Словом, и впрямь одному рискованно. Дело предельно ответственное — а жизнь полна неожиданностей. Как правило — досадных. Да к тому же — шумный праздник. Книгу Эстер к тому времени уже отчитают, дым пойдет коромыслом… С одной стороны — хорошо, никому ни до чего, все заняты собой и своим весельем, но с другой — мало ли кого и в каком состоянии вынесет на дорогу… А ведь уже не переиграешь, не отложишь. Статья об «Эстер-цзюань» нынче все-таки вышла, вышла, и именно в «Коммерсанте», правда, в дурацком соседстве, но какая разница — Мордехай снова победил, и, как он сам прекрасно и не без гордости понимал, только благодаря собственной настойчивости и нежеланию идти на компромиссы. И теперь действовать надо было незамедлительно, без проволочек, чтобы слово не разошлось с делом.
«Я возьму на себя все грехи моего народа», — спокойно, безо всякого пафоса думал Мордехай, с детским удовольствием глядя, как за широким окном автобуса льется назад пронзительно прекрасное, вдохновенной вековой печалью пропитанное раздолье вечерней Иудеи.
Мордехай всегда старался садиться у окна — и в воздухолете, и в поезде, и в повозке… Он очень любил этот мир и не уставал им любоваться.
Зия ехал в другом конце салона. На всякий случай они, точно опытные заговорщики, старались не афишировать то, что они — вместе. Нести прибор Мордехай не доверил Зие даже теперь.
Решение снова было удивительно изящным. Те, кто живет там, где летом цветут луга, сказали бы: одним камнем — двух зайцев. Во-первых, будет наконец покончено с варварским лунным календарем, со всеми этими нисанами, кислевами, тишреями. Ютаи перестанут наконец ныть с давно осточертевшим всему культурному человечеству трагическим придыханием: Тиша б'Ав [143]… Уже одно это оправдывает Мордехая. Но есть еще и во-вторых, не менее, а может, и более существенное: сущность Пурима, который не-ютаи снисходительно и безграмотно воспринимают всего лишь как один из многих ярких и добрых праздничных дней, прослаивающих год, после такой катастрофы станет наконец ясна всем. Когда погаснет царица ночи, символ мечты, любви, романтики, и погасит ее ютай, — остальным уж волей-неволей придется объявить день, когда это произошло, днем скорби и искупления. Ютаи так любят подчеркивать к делу и не к делу, будто все они заодно, будто любые внутренние несогласия и даже распри в их среде никогда не мешают им быть едиными по отношению ко всему остальному свету — так вот пусть получат.
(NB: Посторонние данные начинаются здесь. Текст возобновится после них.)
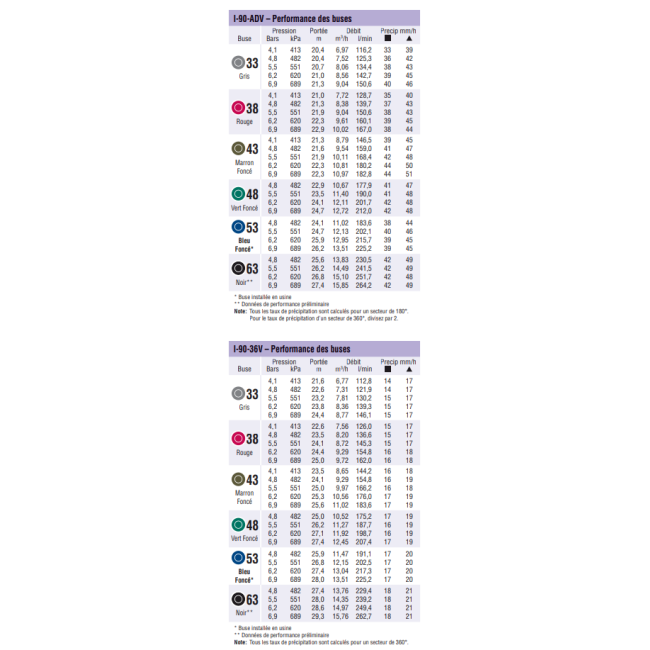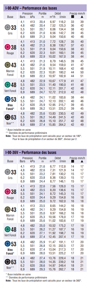 | Type de buse | 25, 33, 38, 43, 48, 53, 63, 73 |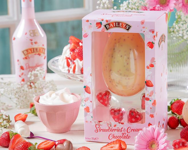 The Baileys Strawberries & Cream Chocolate Egg (RRP €12) combines a melt-in-the-mouth, creamy white chocolate shell complete with a fruity explosion of dried strawberry pieces and is presented with four luscious milk chocolate hearts, each filled with a dreamy truffle filling that perfectly blends the fresh, sumptuous taste of strawberries and creamy vanilla, together with the luxurious taste of Baileys Original Irish Cream. It’s a match made in heaven!

Как-то Магдуся будет без меня, если они меня…
Ничего, она выдержит. Она сильная.
Хорошо, что жена не стала разводить сантименты перед расставанием. Другая бы, может, принялась отговаривать, или предложила бы в спутницы себя, или вообще зарыдала бы на плече у Мордехая, когда он уж стоял в дверях, закатила бы бабью истерику: не пущу! А Магда, держа левой рукой дымящуюся папиросу у губ, правой только поправила ему сбившийся воротник: «Ну какой же ты растрёпа! На люди ведь идешь…» Он виновато улыбнулся и, от груза сутулясь сильнее обычного, вышел на улицу…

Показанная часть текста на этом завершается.